TASK REQUIREMENTS
Output, word for word and without pictures, the lines from the one containing "Για Samsung Galaxy" through the final line of the listing below.

DATA PROVIDED
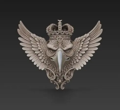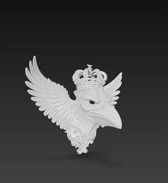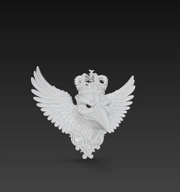 Description:This 3D printable sculpture is inspired by the rich symbolism of Gothic and Baroque art, featuring a detailed and majestic bird head figure. The large, ornate crown atop the bird’s head symbolizes nobility and authority, while the expansive, intricately feathered wings represent freedom, strength, and grandeur. Delicate engravings around the eyes and beak add character and expressiveness to the figure. The sculpture’s complex reliefs, volutes, and curvilinear motifs reference the decorative arts of the Gothic and Baroque periods. Produced using modern 3D printing technology with a smooth, matte, and single-color finish, this sculpture can be wall-mounted or used as a tabletop decorative piece. Its powerful and elegant stance makes it a perfect choice for collections and fantasy-themed décor.
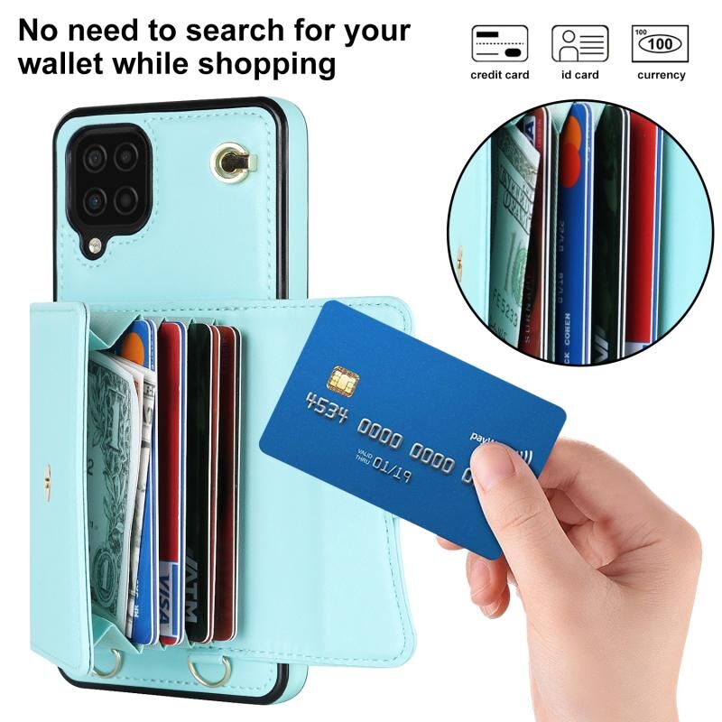 Για Samsung Galaxy A12 RFID Slot κάρτα δερμάτινη θήκη τηλεφώνου με μακρύ κορδόνι (Μέντας πράσινο)
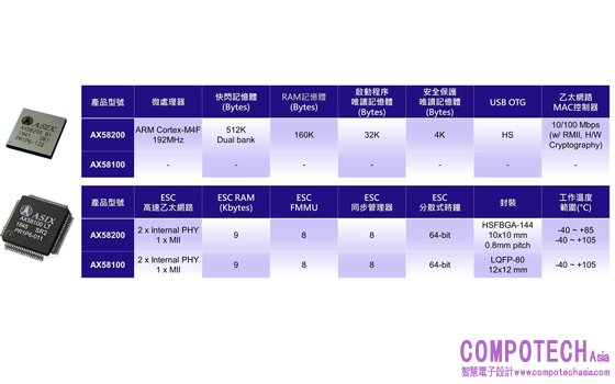 亞信電子(ASIX Electronics Corporation)因應全球工業4.0智慧生產自動化的強大需求,於2018年推出大中華地區首款EtherCAT從站控制晶片「AX58100 2/3埠EtherCAT從站控制器」,並於2019年再度推出最新一代小封裝並整合兩個高速乙太網路PHY的EtherCAT從站專用通訊SoC解決方案「AX58200 2/3埠EtherCAT從站專用通訊SoC」,提供企業轉化到智慧工廠生產自動化的最佳解決方案。AX58x00系列EtherCAT從站晶片提供客戶一個簡單設計、經濟有效的工業乙太網路EtherCAT從站解決方案。可適用於各種實時現場總線產品應用,如馬達/運動控制,數位訊號I/O控制,感測器數據採集,工業機器人轉軸控制,EtherCAT IO-Link主站,EtherCAT Junction從站模組等。
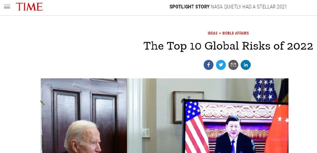 ABD merkezli dergi Time, “2022’nin ilk 10 küresel riski” başlıklı bir haber/analiz yayınladı. Derginin kıdemli köşe yazarlarından olan ve aynı zamanda Columbia Üniversitesi’de ders veren Ian Bremmer imzalı makalede birçok farklı konu masaya yatırıldı.
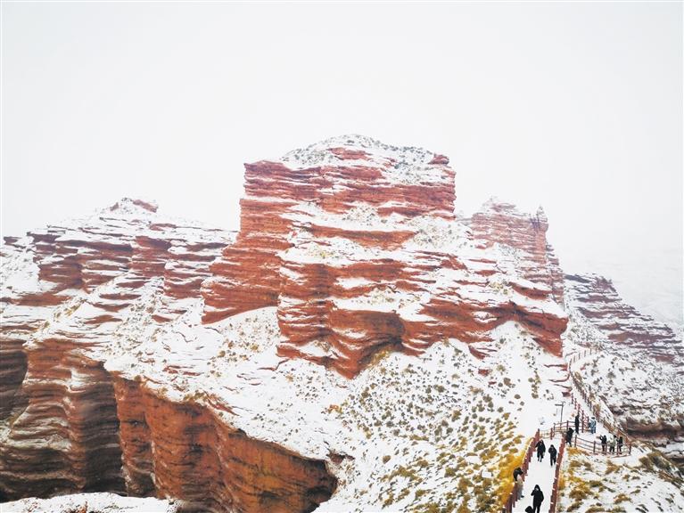 游客在景區(qū)觀景臺(tái)上伸手可觸摸到被白雪覆蓋的火紅色彩,峽谷內(nèi),山倚壁蜿蜒,峰隨地勢崢嶸,石林犬牙交錯(cuò),游客不時(shí)發(fā)出由衷的贊嘆,眼前的風(fēng)光如仙境一般。
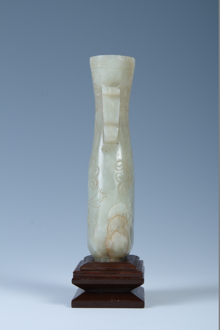 玉瓶长颈,垂腹。口沿饰一周回纹;颈部刻有灵芝,两侧透雕龙形双耳;腹部一面刻葵花,另一面刻山石、牡丹。器壁较厚,刀工较为粗率,线条棱角分明,具有明代玉器制作风格。

ANSWER TO THE EXERCISE
 Για Samsung Galaxy A12 RFID Slot κάρτα δερμάτινη θήκη τηλεφώνου με μακρύ κορδόνι (Μέντας πράσινο)
 亞信電子(ASIX Electronics Corporation)因應全球工業4.0智慧生產自動化的強大需求,於2018年推出大中華地區首款EtherCAT從站控制晶片「AX58100 2/3埠EtherCAT從站控制器」,並於2019年再度推出最新一代小封裝並整合兩個高速乙太網路PHY的EtherCAT從站專用通訊SoC解決方案「AX58200 2/3埠EtherCAT從站專用通訊SoC」,提供企業轉化到智慧工廠生產自動化的最佳解決方案。AX58x00系列EtherCAT從站晶片提供客戶一個簡單設計、經濟有效的工業乙太網路EtherCAT從站解決方案。可適用於各種實時現場總線產品應用,如馬達/運動控制,數位訊號I/O控制,感測器數據採集,工業機器人轉軸控制,EtherCAT IO-Link主站,EtherCAT Junction從站模組等。
 ABD merkezli dergi Time, “2022’nin ilk 10 küresel riski” başlıklı bir haber/analiz yayınladı. Derginin kıdemli köşe yazarlarından olan ve aynı zamanda Columbia Üniversitesi’de ders veren Ian Bremmer imzalı makalede birçok farklı konu masaya yatırıldı.
 游客在景區(qū)觀景臺(tái)上伸手可觸摸到被白雪覆蓋的火紅色彩,峽谷內(nèi),山倚壁蜿蜒,峰隨地勢崢嶸,石林犬牙交錯(cuò),游客不時(shí)發(fā)出由衷的贊嘆,眼前的風(fēng)光如仙境一般。
 玉瓶长颈,垂腹。口沿饰一周回纹;颈部刻有灵芝,两侧透雕龙形双耳;腹部一面刻葵花,另一面刻山石、牡丹。器壁较厚,刀工较为粗率,线条棱角分明,具有明代玉器制作风格。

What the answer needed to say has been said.